Chilean lawyer and politician (1901–1982)

Alejandro Serani Burgos (3 May 1901 – 23 March 1982) was a Chilean lawyer and politician. He served as an intendant, deputy and minister of state during the administrations of Presidents Arturo Alessandri and Gabriel González Videla. He was also a Freemason, serving as Grand Master of the Grand Lodge of Chile from 1954 to 1957.

== Biography ==
Serani was born in Antuco on 3 May 1901, the son of Ceferino Serani Di Cocco and Magdalena Burgos Binet. He completed secondary studies at the Liceo de Hombres de Temuco and higher education at the Pedagogical Institute and the Law School of the University of Chile. He graduated as a mathematics teacher in 1924 and received his law degree on 20 November 1928; his thesis addressed theories of criminal investigation.

During his student years he held leadership roles in the law and pedagogy student centres and served on the board of the FECh. He later taught at the state secondary schools of Los Andes and San Felipe, was vice-rector of the Night Liceo Federico Hansen, and rector of the Liceos of Rengo and Los Ángeles.
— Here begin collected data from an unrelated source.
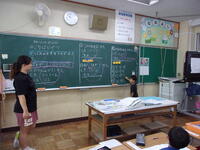 5年生「小数×小数」の学習です。積極的に手が上がっています。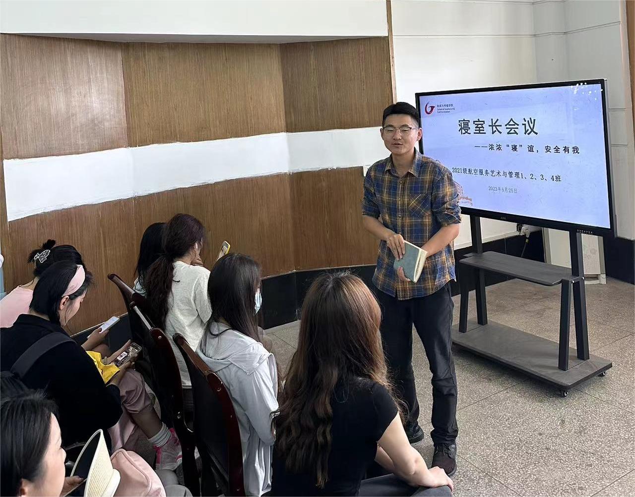 5月25日,21级航空服务艺术与管理专业4个班在圆形报告厅二楼召开了寝室长会议,会议由生活辅导员俞应芬主持,辅导员张雁、刘熠参会,航服专业21级全部寝室长一起参加会议。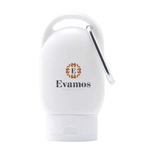 Beschermende zonnebrandlotion (factor 30) in een handzaam, kunststof flacon met gekleurde dop en bijpassende metalen karabijnhaak. Met één klik te bevestigen aan je tas, rugzak of broeklus. Houdbaar tot 12 maanden na opening. Inhoud 30 ml. Ingrediënten: water, glycerin, ethylhexyl methoxycinnamate, octocrylene, Ethylhexyl Salicylate, Isopropyl myristate, cetearyl alcohol, butyl methoxydibenzoylmethane, ceteth-25, glyceryl stearate, titanium dioxide, dibutyl adipate, phenoxyethanol, parfum, methylparaben, propylparaben, BHT, disodium EDTA, vanillin, coumarin.

He married Marta Martelli Devia (three children: César, Mario, Patricio). Widowed, he married Guilda Mostazal González in Santiago on 18 June 1962 (two children: Nancy, Jorge Alejandro).

== Political career ==
Serani was active in the historic Democrat Party and later in the Democratic Party; both currents underwent splits and mergers during the 1930s–1940s.
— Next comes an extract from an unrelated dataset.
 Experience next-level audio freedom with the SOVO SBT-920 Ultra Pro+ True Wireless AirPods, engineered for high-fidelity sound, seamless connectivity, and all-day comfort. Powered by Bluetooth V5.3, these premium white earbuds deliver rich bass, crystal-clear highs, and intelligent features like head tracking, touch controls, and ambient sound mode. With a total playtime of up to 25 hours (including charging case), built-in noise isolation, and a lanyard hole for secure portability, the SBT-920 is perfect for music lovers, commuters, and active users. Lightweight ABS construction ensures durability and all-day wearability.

During Carlos Dávila’s provisional government, he was appointed intendant of Biobío Province on 30 June 1932, resigning the following month. In the 1932 parliamentary election he was elected deputy for the 19th Departmental Group (1933–1937); he left the seat upon entering the cabinet and was replaced by Pedro Freeman on 25 June 1934.
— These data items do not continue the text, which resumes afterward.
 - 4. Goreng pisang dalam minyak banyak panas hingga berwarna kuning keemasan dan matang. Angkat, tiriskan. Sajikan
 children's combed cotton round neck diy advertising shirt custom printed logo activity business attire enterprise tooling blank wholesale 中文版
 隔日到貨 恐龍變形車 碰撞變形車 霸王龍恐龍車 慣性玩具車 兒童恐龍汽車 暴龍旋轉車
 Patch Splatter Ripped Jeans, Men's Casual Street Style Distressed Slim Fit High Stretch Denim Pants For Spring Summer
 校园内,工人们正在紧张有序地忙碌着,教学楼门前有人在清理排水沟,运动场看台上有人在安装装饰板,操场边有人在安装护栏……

Under President Arturo Alessandri he served as:
- Minister of Labour (19 April 1934 – 31 March 1936), including presiding sessions linked to the International Labour Conference held in Santiago in early 1936.
- Minister of National Assets (31 March 1936 – 15 January 1937),
- Minister of Justice (24 March 1937 – 6 August 1937).

Under President Gabriel González Videla he returned as Minister of Labour from 8 August 1950 to 29 July 1952.

== Later activities ==
On 5 May 1956 Serani was appointed professor of civil law at the University of Chile Law School, a post he held until 1982. He was a member of the General Council of the Chilean Bar Association. He also worked as a forestry entrepreneur, purchasing the “El Trapiche” estate near Coipue (Curepto) in the early 1950s, and owned the newspaper El Ideal of Mulchén.

A Freemason since 1925, Serani served as Grand Master of the Grand Lodge of Chile (4 June 1954 – 17 June 1957). During his tenure the 1955 Masonic Constitution was promulgated and Decree No. 318 (1955) established the Instruction Program for the three symbolic degrees.

Serani received the Order of Isabella the Catholic. He died in Santiago on 23 March 1982.